▶

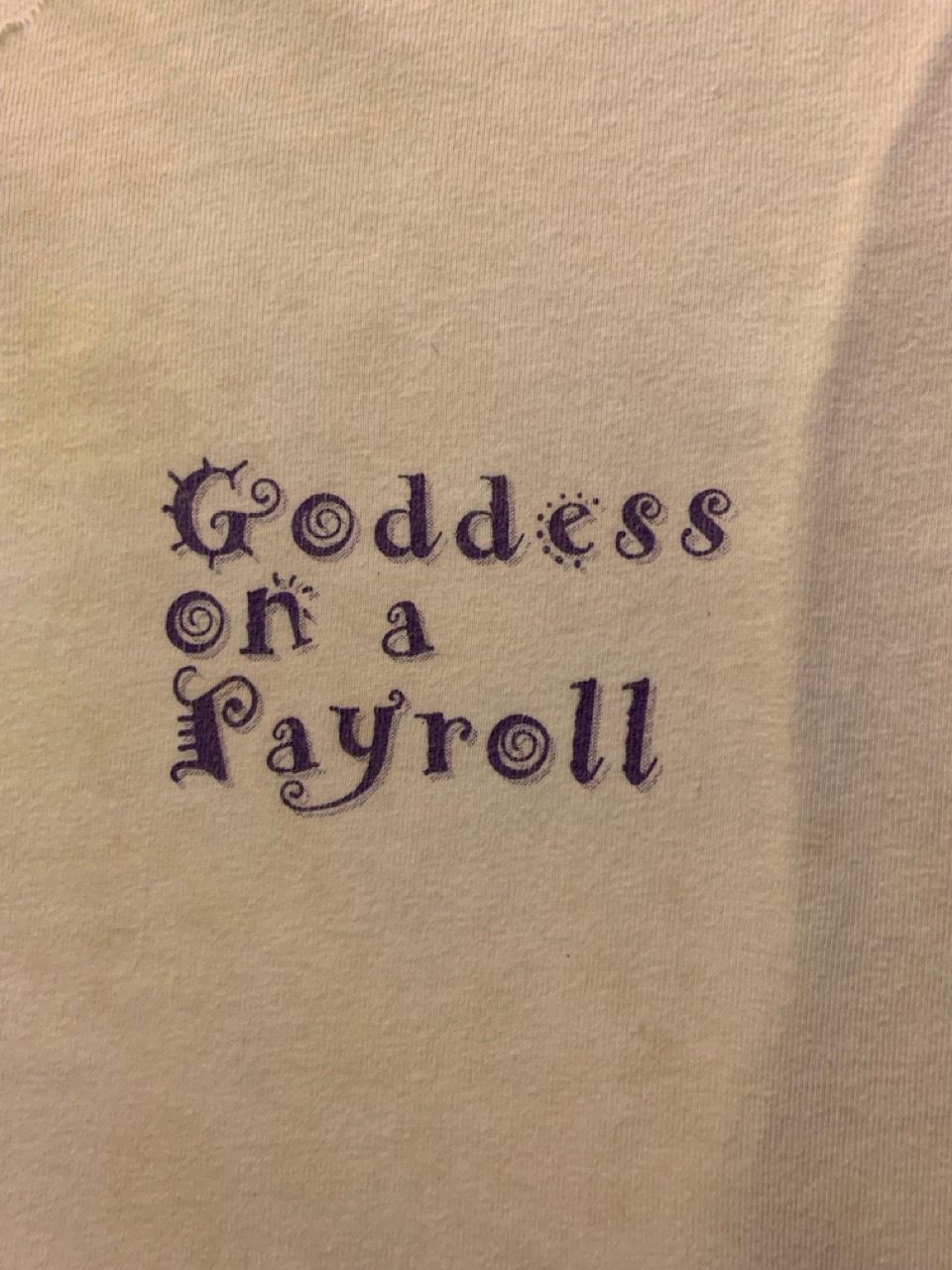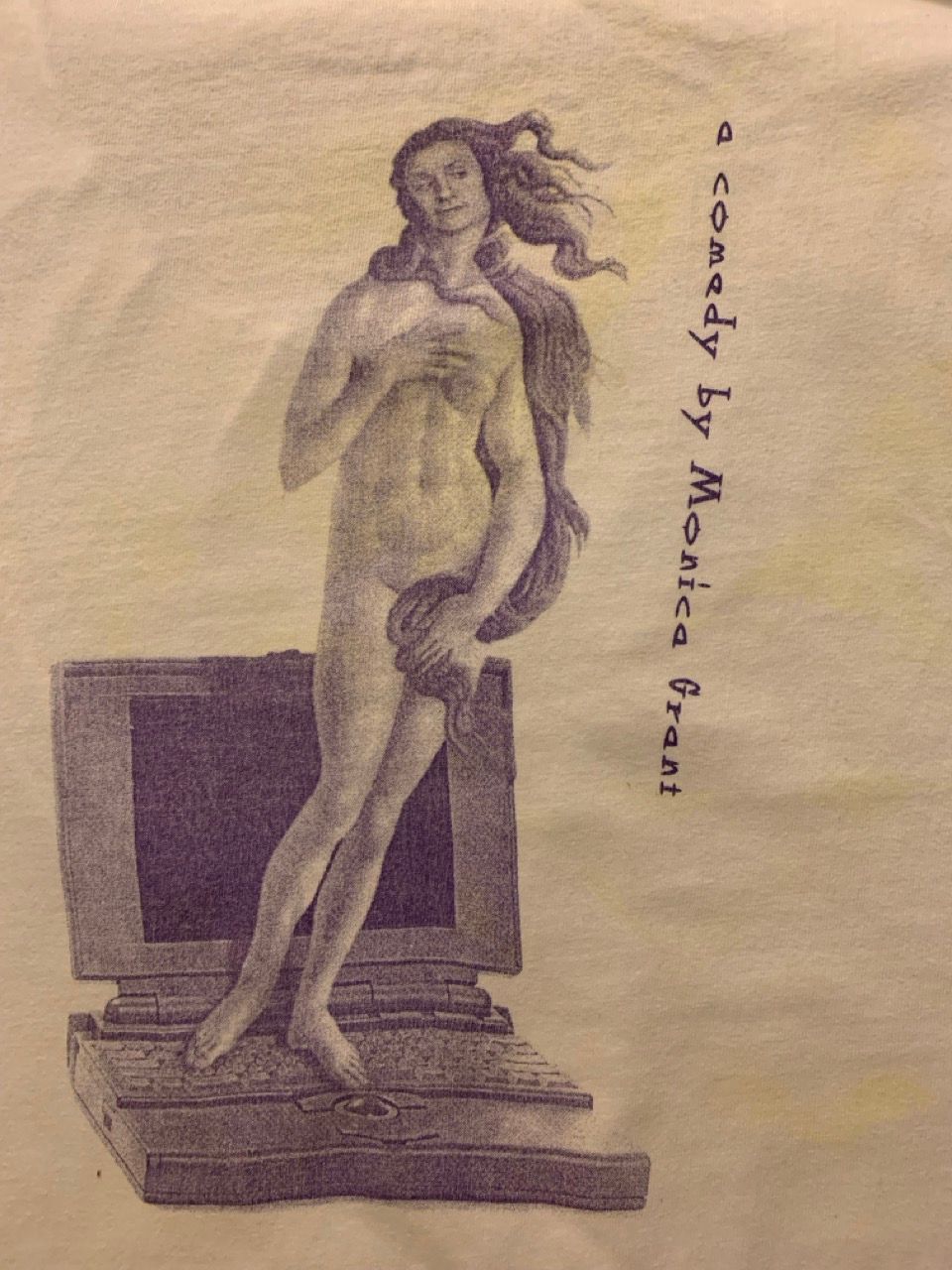 Back image of goddess standing on open laptop with text "a comedy by Monica Grant"Clothing/Dress/Costume Details
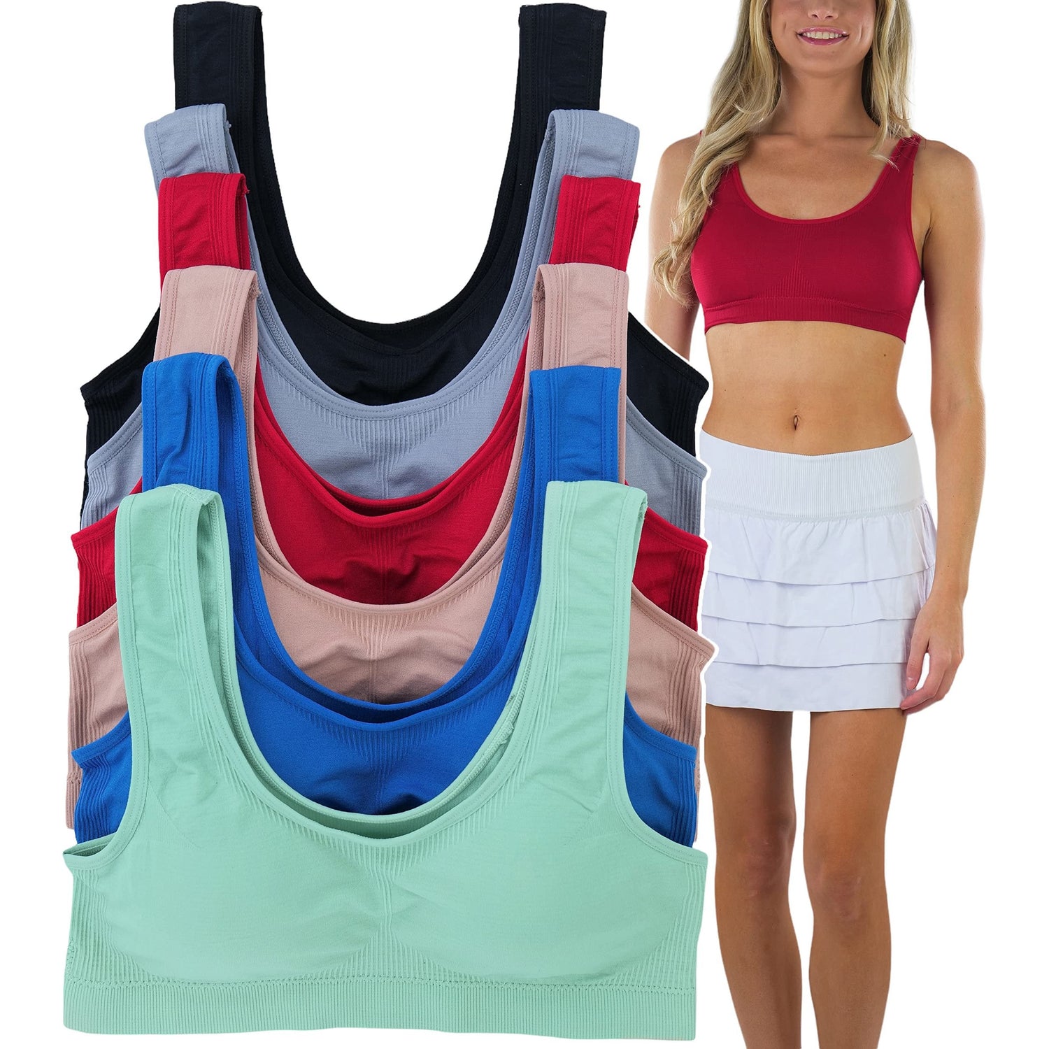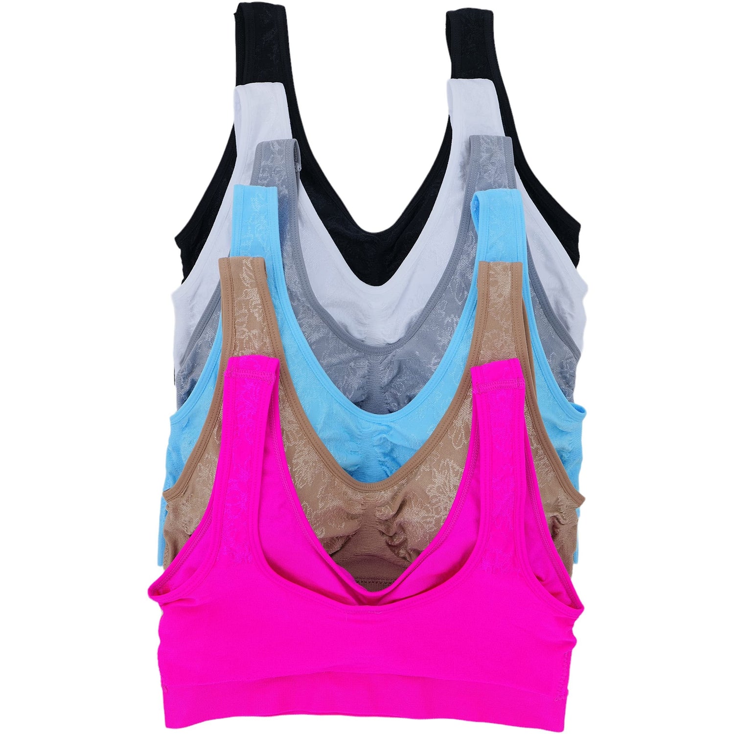 Women's Pack of 6 Padded Double Scoop Comfort Lounging Bras
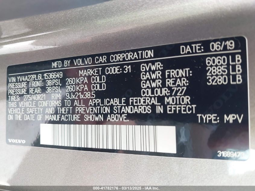 2020 VOLVO XC90 2020 Gasoline, 2.0, Full drive, VIN - YV4A22PL6L1****** from the USA
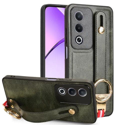 Funda de Cuero con Correa para la Muñeca para Oppo K12X 5G/A3 Pro Global (Verde)
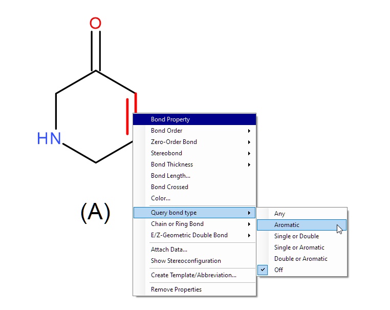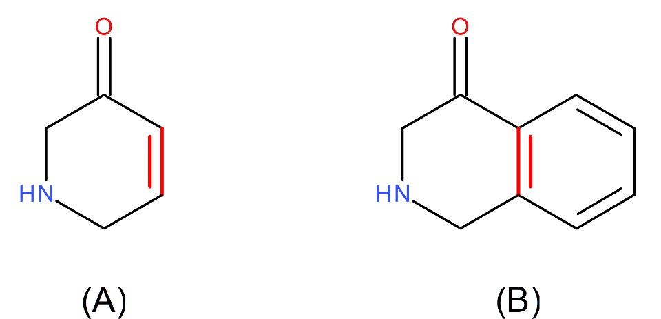 These two molecules however do NOT match in a substructure search or in the Substructure Map component, and this is due to the nature of the double bond marked in red in the two molecules. The double bond in molecule (A) is a bare, non-aromatic double bond, whereas the same bond in molecule (B) is an aromatic double bond.
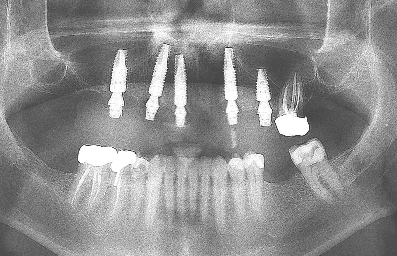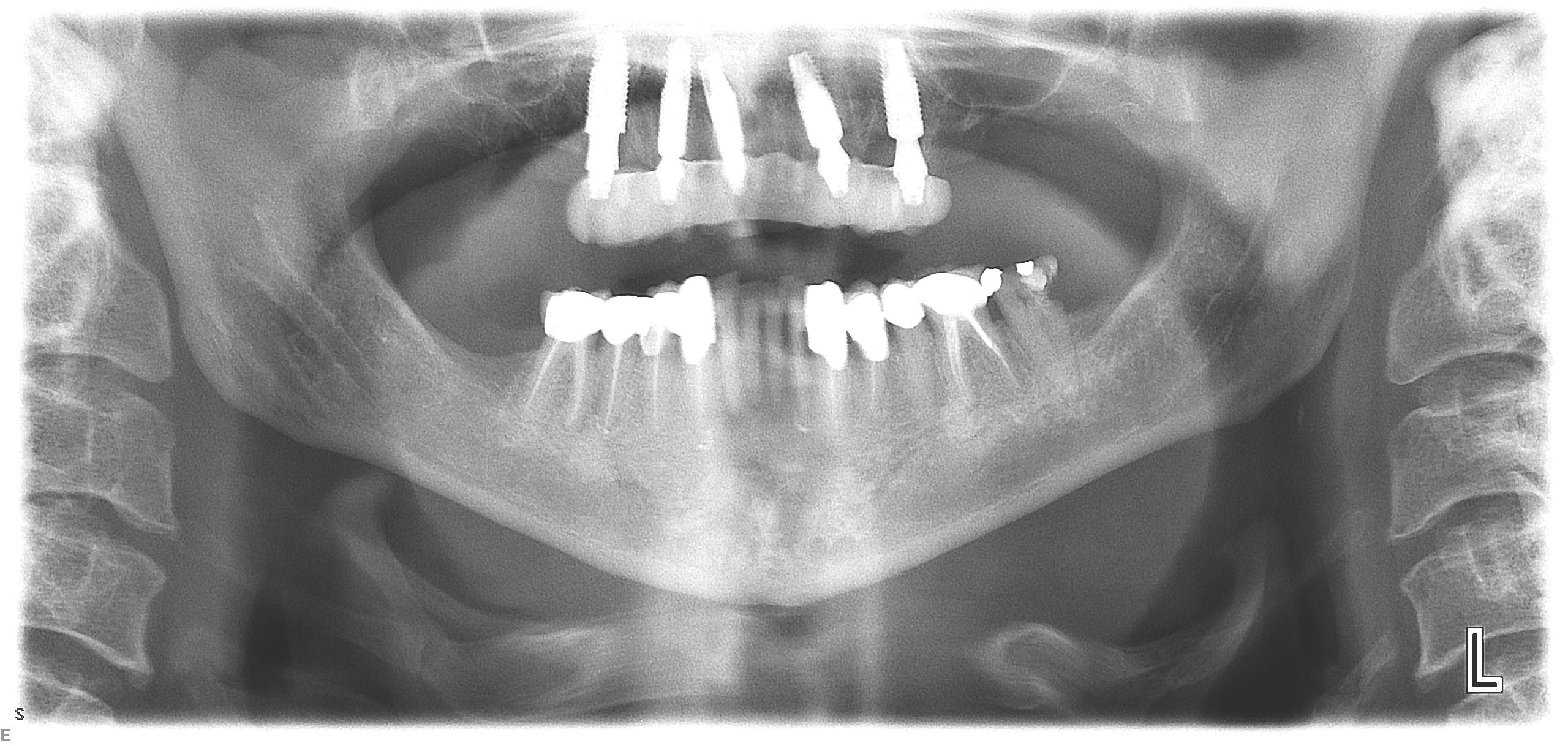 The treatment began by addressing the patient's immediate concern, which was her mandibular situation. Her mandibular teeth were extracted, and immediate implants were placed and immediately provisionalized using a screw-retained PMMA provisional, which sat on multi-unit abutments.
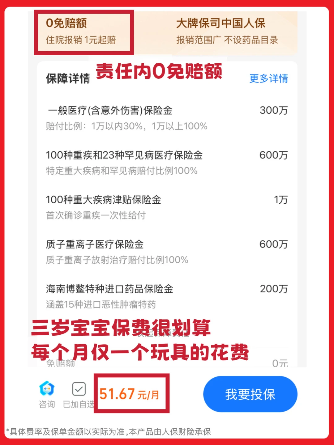 ✅ 性价比很高:对比下来,同样保障的产品里,这款价格很实在。每个月少买一件玩具🚗,可以换来百万的医疗保障,万一住院能给钱包减轻不少负担,有小孩的家庭用上真不亏。
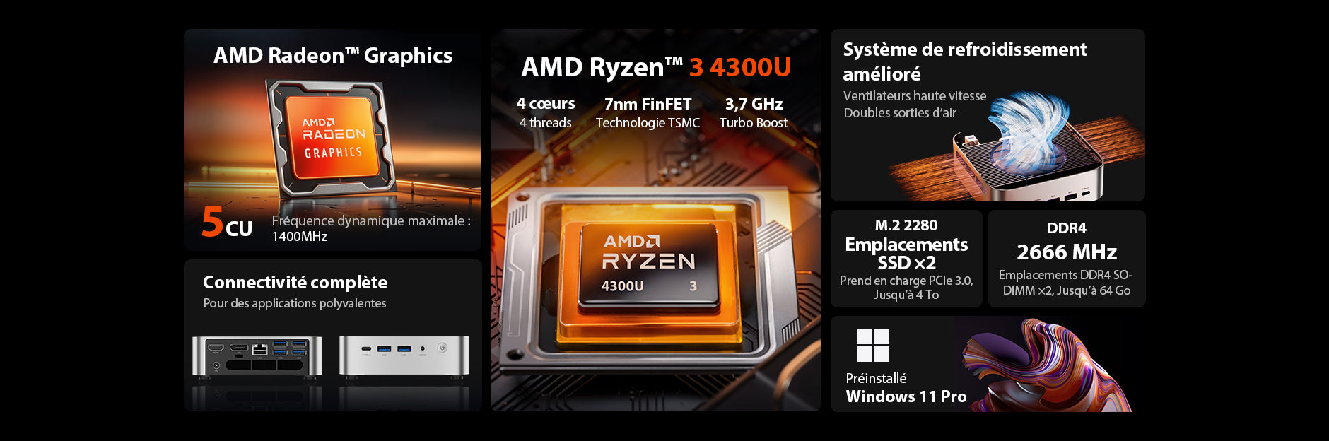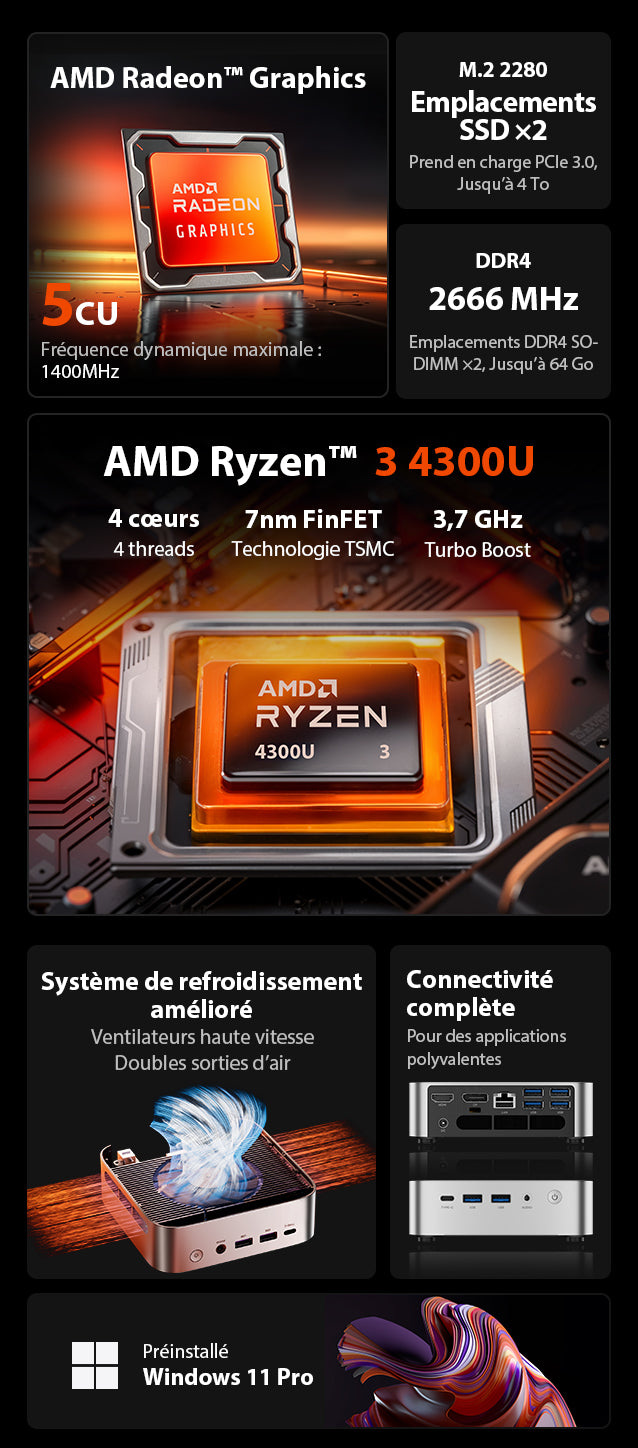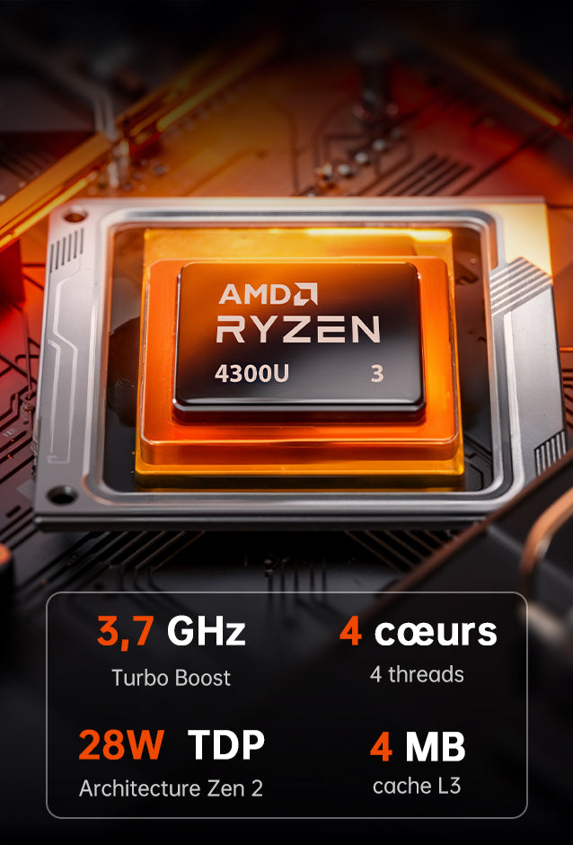 | Processeur | AMD Ryzen™ 5 7430U 6 cœurs / 12 threads architecture Zen3, technologie de gravure TSMC 7 nm FinFET, cache L3 de 16 Mo, fréquence de base 2,3 GHz, fréquence Turbo jusqu’à 4,3 GHz |

◀

About this task: Return the material as it stands. Leave out the pictures.

Solution to this exercise:
 Back image of goddess standing on open laptop with text "a comedy by Monica Grant"Clothing/Dress/Costume Details
 Women's Pack of 6 Padded Double Scoop Comfort Lounging Bras
 2020 VOLVO XC90 2020 Gasoline, 2.0, Full drive, VIN - YV4A22PL6L1****** from the USA
 Funda de Cuero con Correa para la Muñeca para Oppo K12X 5G/A3 Pro Global (Verde)
 These two molecules however do NOT match in a substructure search or in the Substructure Map component, and this is due to the nature of the double bond marked in red in the two molecules. The double bond in molecule (A) is a bare, non-aromatic double bond, whereas the same bond in molecule (B) is an aromatic double bond.
 The treatment began by addressing the patient's immediate concern, which was her mandibular situation. Her mandibular teeth were extracted, and immediate implants were placed and immediately provisionalized using a screw-retained PMMA provisional, which sat on multi-unit abutments.
 ✅ 性价比很高:对比下来,同样保障的产品里,这款价格很实在。每个月少买一件玩具🚗,可以换来百万的医疗保障,万一住院能给钱包减轻不少负担,有小孩的家庭用上真不亏。
 | Processeur | AMD Ryzen™ 5 7430U 6 cœurs / 12 threads architecture Zen3, technologie de gravure TSMC 7 nm FinFET, cache L3 de 16 Mo, fréquence de base 2,3 GHz, fréquence Turbo jusqu’à 4,3 GHz |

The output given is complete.